The "File as Database" Pattern

There's no server, no message queue, no database. Everything is flat files on disk. Inboxes are JSONL files. The audit trail is a markdown file. This pattern — using the filesystem as your state store — is surprisingly powerful for local tools. It's human-readable, version-controllable, and never crashes.

04

Birth, Life, and Death of an Agent

How spawn.sh boots an agent and notify-done.sh retires it

Spawning: From Script to Working Agent

When the manager runs .agent/scripts/spawn.sh pm "Build X", a precise sequence unfolds — like a factory assembly line producing a new worker:

1

Find the role file

The script searches three directories in order: your project's .agent-roles/, the scaffold's custom-roles/, and the default roles/. First match wins.

2

Write the init message

Drops a JSONL message into .agent/inbox/pm.jsonl with the context you provided. This is the agent's first instruction.

3

Log the spawn

Records the event in .agent/communications.md so there's a paper trail.

4

Create a terminal workspace

Opens a new tab in cmux (or tmux), copies the role file as CLAUDE.md, and launches Claude Code with boot instructions.

5

Agent orients itself

Claude reads its role file, checks shared memory, reads its personal memory from prior sessions, scans the knowledge base, then reads the inbox. Work begins immediately.

The Spawn Code

Here's the actual command that boots the agent in a new terminal:

CODE

BOOTSTRAP=$(cat <<EOF
cd "$WORKDIR" && \
  export AGENT_ROLE="$ROLE" && \
  cp "$ROLE_FILE" CLAUDE.md && \
  claude "You have been activated
    as $ROLE. Orient yourself..."
EOF
)

mux_spawn "$ROLE" "$BOOTSTRAP"

PLAIN ENGLISH

Build a startup command as a text string...

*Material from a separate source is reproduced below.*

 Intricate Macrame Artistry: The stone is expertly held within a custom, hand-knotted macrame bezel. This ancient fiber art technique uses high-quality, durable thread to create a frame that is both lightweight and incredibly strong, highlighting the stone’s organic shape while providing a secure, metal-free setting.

Navigate to the project directory.

Set an environment variable so hooks know which agent this is.

Copy the role definition as the agent's instructions file.

Launch Claude with a first-run prompt telling it to read its role, memory, and inbox, then start working.

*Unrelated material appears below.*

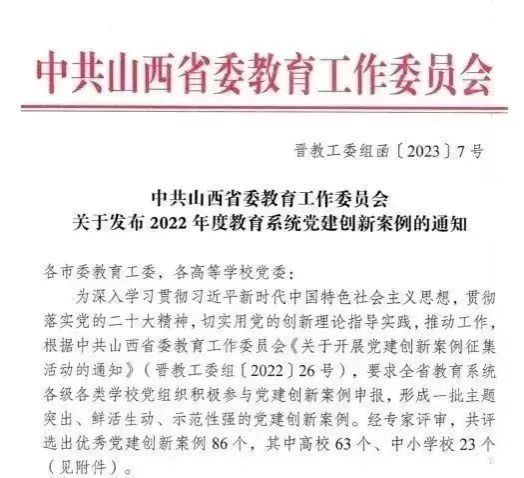 近日,中共山西省委教育工作委员会公布了2022年度全省教育系统党建创新案例评选结果。免费麻将游戏下载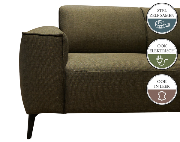 Deze combinatie staat in onze winkels. Zoals je aan de opsomming onder het icoontje ziet begin je de bank samen te stellen door een arm links te kiezen. Daarna kies je je element(en).

Send this command to a brand new terminal workspace.

Auto-Shutdown: Dying Gracefully

When an agent sends a result message, the system knows it's done. The notify-done.sh Stop hook detects this and closes the workspace after a 2-second delay.

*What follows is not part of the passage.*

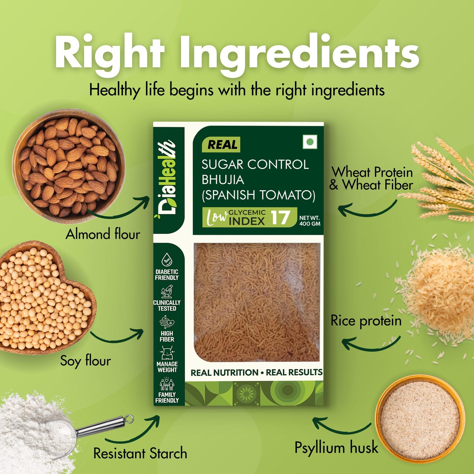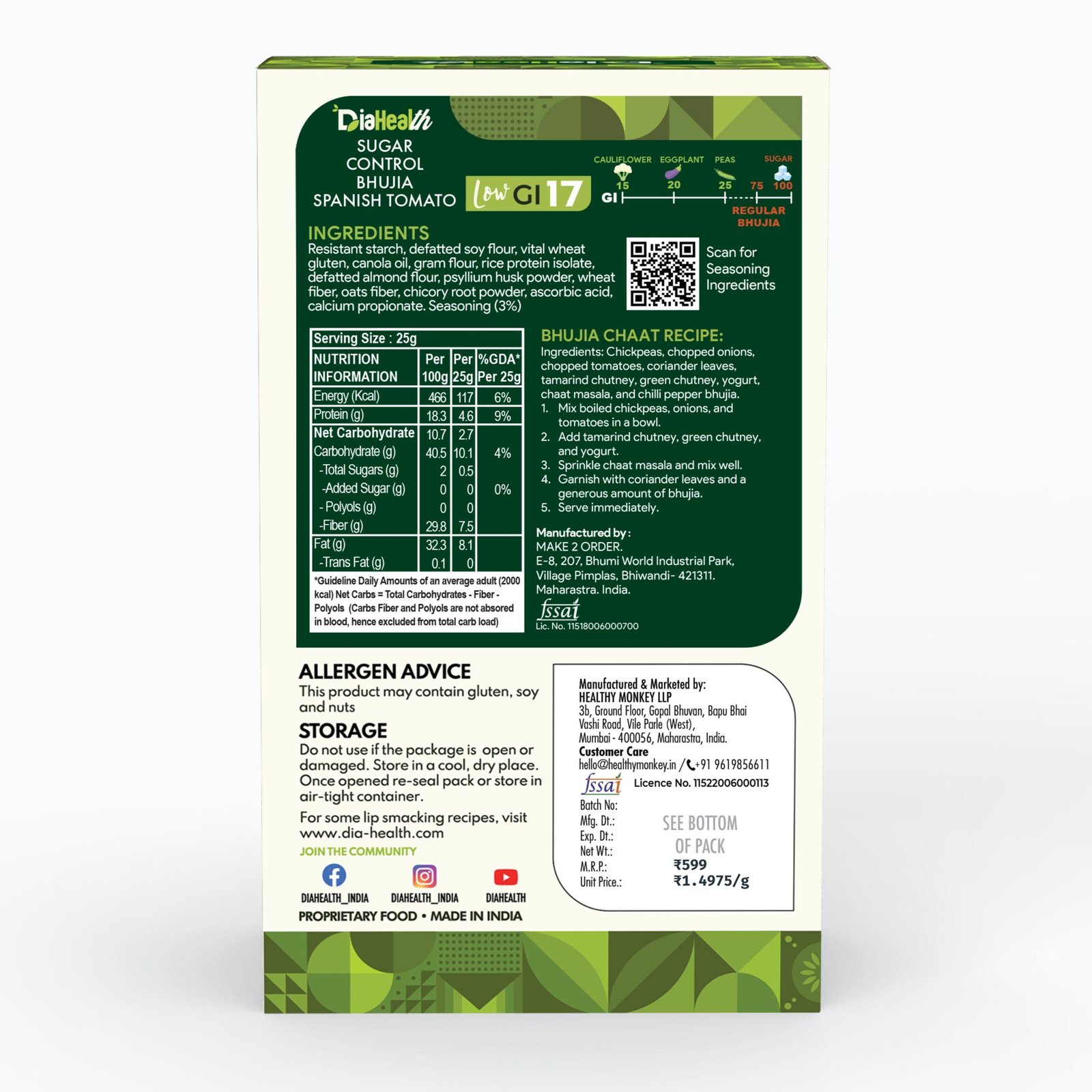 • TASTE IDENTICAL : Diahealth Sugar Control Bhujia (Spanish Tomato) is taste Identical to Regular Bhujia. We work hard to ensure that you can enjoy yourself even on a low-carb lifestyle without compromising on taste.

Without this, finished agents would sit forever showing "Needs Input" in the terminal — a zombie worker taking up space.

📚

Memory Survives Death

When an agent shuts down, its inbox, memory file, and context artifacts all stay on disk. Respawning the same role picks up where it left off — like an employee coming back from vacation and reading their notes.

05

The Engineering Tricks

Clever patterns that make the system work without a server

Trick 1: Hooks as the Nervous System

How does an agent know it has new mail without constantly checking? The answer is hooks — shell scripts that Claude Code runs automatically at specific moments.

📬

check-inbox.sh

When: Before every Claude response.
Does: Reads the inbox file, finds unread messages using a cursor, and outputs them for Claude to see.

🛑

notify-done.sh

When: After every Claude response.
Does: Checks if the agent sent a "result" message. If yes, closes the workspace.

⏰

auto-shutdown.sh

When: After every Claude response.
Does: If enabled, checks how long other agents have been idle. Reaps them after a timeout.

Trick 2: The Cursor-Based Inbox

Instead of marking messages as "read" (which would require modifying the inbox file), the system tracks a cursor — a number stored in .agent/state/{role}_inbox_cursor.

CODE

TOTAL_LINES=$(wc -l < "$INBOX" | tr -d ' ')

CURSOR=0
if [[ -f "$CURSOR_FILE" ]]; then
  CURSOR=$(cat "$CURSOR_FILE")
fi

if [[ "$TOTAL_LINES" -le "$CURSOR" ]]; then
  exit 0  # No new messages
fi

PLAIN ENGLISH

Count how many total messages are in the inbox file.

Start with cursor at zero (haven't read anything).

If there's a saved cursor from last time, use that instead.

If total messages is less than or equal to cursor, we've read everything. Nothing new — exit quietly.

Trick 3: The Multiplexer Abstraction

Karen needs to open terminal tabs, send text to them, and close them. But different users have different terminal tools. The solution: lib/mux.sh — a single API that works across three backends.

🎨

cmux

Visual macOS app with tabs, status bar, and notifications. The premium experience.

🖥

tmux

Classic terminal multiplexer. Works everywhere. Hidden windows, keyboard-driven.

💻

Terminal.app / iTerm

Fallback for macOS. Opens native tabs. No push messaging — agents poll instead.

💡

Abstraction Layers Are Everywhere

This "one interface, multiple implementations" pattern appears in almost every piece of software. Your phone's camera app works whether you have an iPhone or Android — the app is the abstraction layer over different hardware. When you encounter an unfamiliar codebase, look for these layers — they're the seams that show you how the system is organized.

06

When Things Go Wrong

Debugging agent failures, communication breakdowns, and zombie workspaces

The Three Things That Break

Agent systems have unique failure modes. Here are the big three and how to diagnose them:

💀

Dead Agents

An agent crashed or its terminal closed. Messages pile up in the inbox with nobody reading them. Fix: Run health.sh to find dead agents, then respawn them.

💬

Lost Messages

An agent sent a message but the recipient never saw it. Usually the inbox hook didn't fire. Fix: Check communications.md to verify the message was logged, then check the recipient's cursor file.

🧟

Zombie Workspaces

A workspace file exists but the actual terminal is gone. Agents try to send to a nonexistent tab. Fix: Run shutdown.sh --all to clean up, then respawn what you need.

Your Debugging Toolkit

health.sh Shows every agent's status (UP/DOWN), inbox size, and last activity.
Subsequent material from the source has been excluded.